First steps to Kaggling: Making Any Improvement At All

Practical Objective:

Update: I realised it might have been better to preceed this post with an outline of how to get set up technically for running the examples. I'll post that one tomorrow! Experienced developers should have no trouble getting by, but for everyone else it won't be a long wait before a how-to on getting set up.

The first goal is to try to make a single improvement, of any degree, to the implementation provided in the Kaggle tutorial for the "ocean" data set (see below). This will exercise a number of key skills:
  • Downloading and working with data
  • Preparing and uploading submissions to Kaggle
  • Working with images in memory
  • Applying the Random Forest technique to images
  • Analysing and improving the performance of an implementation

Discussion and Background

Machine learning and data science is replete with articles which talk about the power, elegance and ease by which tools can be put to complex and new problems. Domain knowledge can be discarded in a single afternoon, and you can just point your GPU at a neural network and go home early.

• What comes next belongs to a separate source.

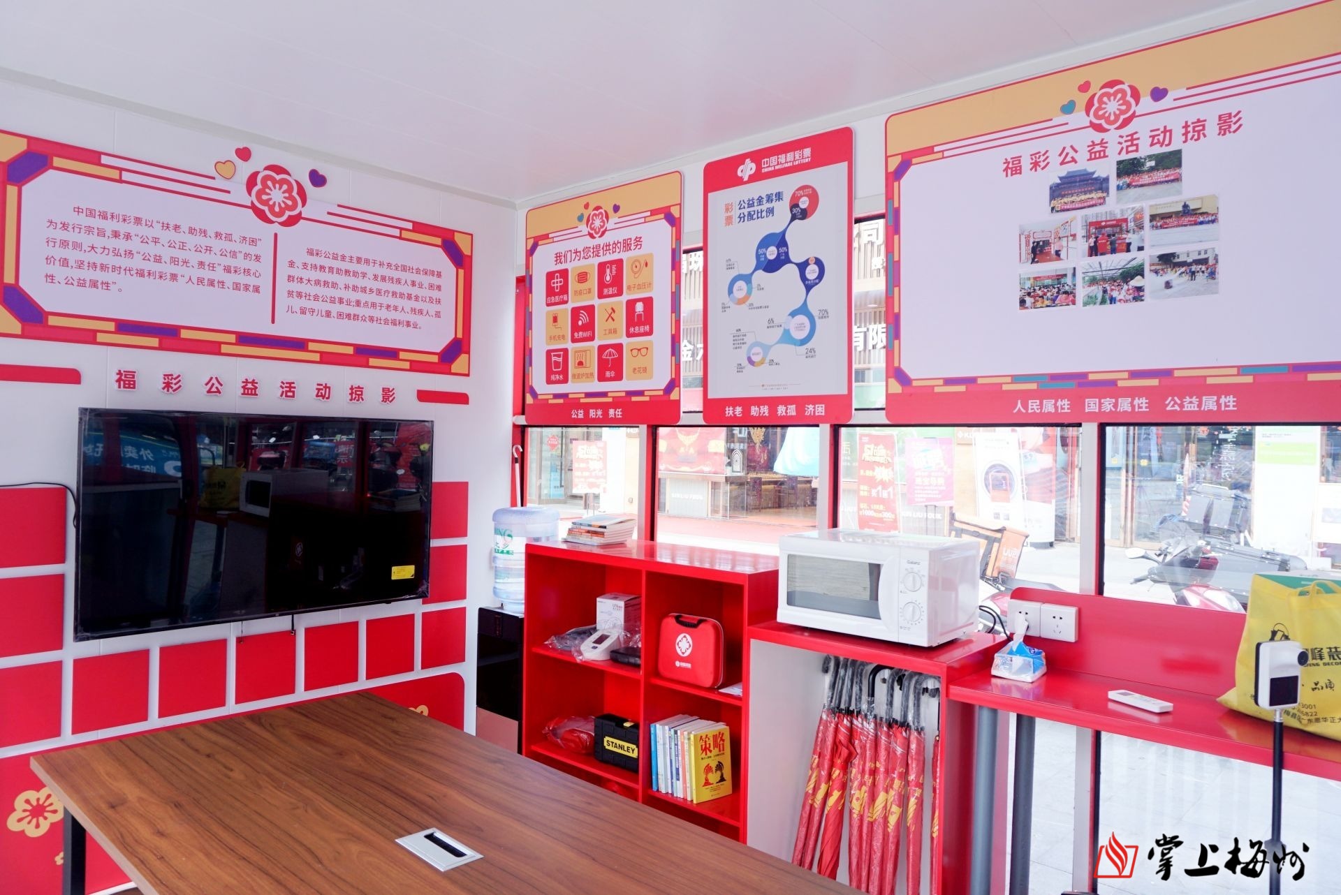 市福彩中心在万达广场设立了首个福彩爱心公益驿站,驿站内公益展示墙

Well, actually, it's darned fiddly work, and not everyone finds it so easy. For an expert with a well-equipped computer lab, perhaps a few fellow hackers and plenty of spare time, it probably isn't such a stretch to come up with a very effective response to a Kaggle competition in the time frame of about a week. For those of us working at home on laptops and a few stolen hours late in the evening or while the family is out doing other things, it's more challenging.

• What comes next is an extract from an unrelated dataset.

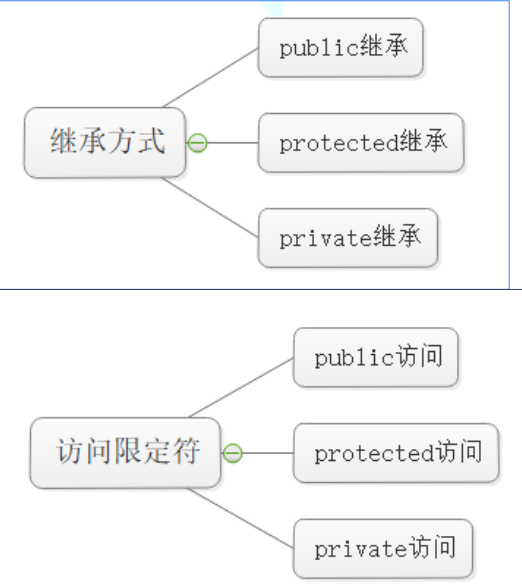 一共九种的访问方式,太多了,但是我们可以看到一个规律只要是基类中的成员是private,继承下来在子类中都是不可见的,而除了私有以外,我们发现都是可见的。基类的其他成员在子类中的访问方式==min(成员在基类的访问限定符,继承方式)public>protected>private

This blog is about that journey. It's about finding it actually hard to download the data because for some reason the download rate from the Kaggle servers to Melbourne, Australia is woeful, and so it actually takes a week to get the files onto a USB drive, which by the way only supports USB 2.0 transfer rates and isn't really a good choice for a processing cache...

So this post will be humbly dedicated to Making Any Difference At All. Many Kaggle competitions are accompanied with a simple tutorial that will get you going. We'll use the (now completed) competition into identifying Plankton types. I'll refer to it as the "ocean" competition for the sake of brevity.

Back to the Problem

I would recommend working in the Ipython Notebook environment. That's what I'll be doing for the examples contained in this blog, and it's a useful way to organise your work. You can take a short-cut and clone the repository for this blog from https://github.com/tleeuwenburg/stml.

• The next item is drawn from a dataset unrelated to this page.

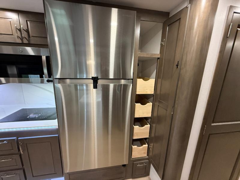 Check out the fabulous features found in this DX3 Super C diesel motorhome! As you spend your nights relaxing in the rear private bedroom, you will appreciate having a 32" LED Smart TV to watch before drifting off to sleep. The Solid Surface Shower Surround with glass door and skylight will be wonderful to see in the morning, and the Oxygenics Body Spa shower head will deliver an enjoyable experience. Step foot into the kitchen and be amazed by the home-like conveniences that have been included, like the residential refrigerator, the convection microwave, the pantry, and the under-cabinet lighting.

Next, download the ocean data, and grab a copy of the tutorial code: https://www.kaggle.com/c/datasciencebowl/details/tutorial

It's a nice tutorial. There are a couple of key steps omitted, such as how to prepare your submission files. It implements a technique called a random forest approach. This is a highly robust way to get reasonably good solutions fast. It's fast in every way: it works well enough on a CPU, it doesn't need a lot of wall clock time even on a modest-spec laptop, it doesn't take much time to code up, and it also doesn't require a lot of specialist knowledge.

There are a lot of tutorials on how to use random forests, so I won't repeat myself here. The tutorial linked above is a good example of a tutorial. You can work through it in advance, or just try to get the notebooks I've shared working in your environment.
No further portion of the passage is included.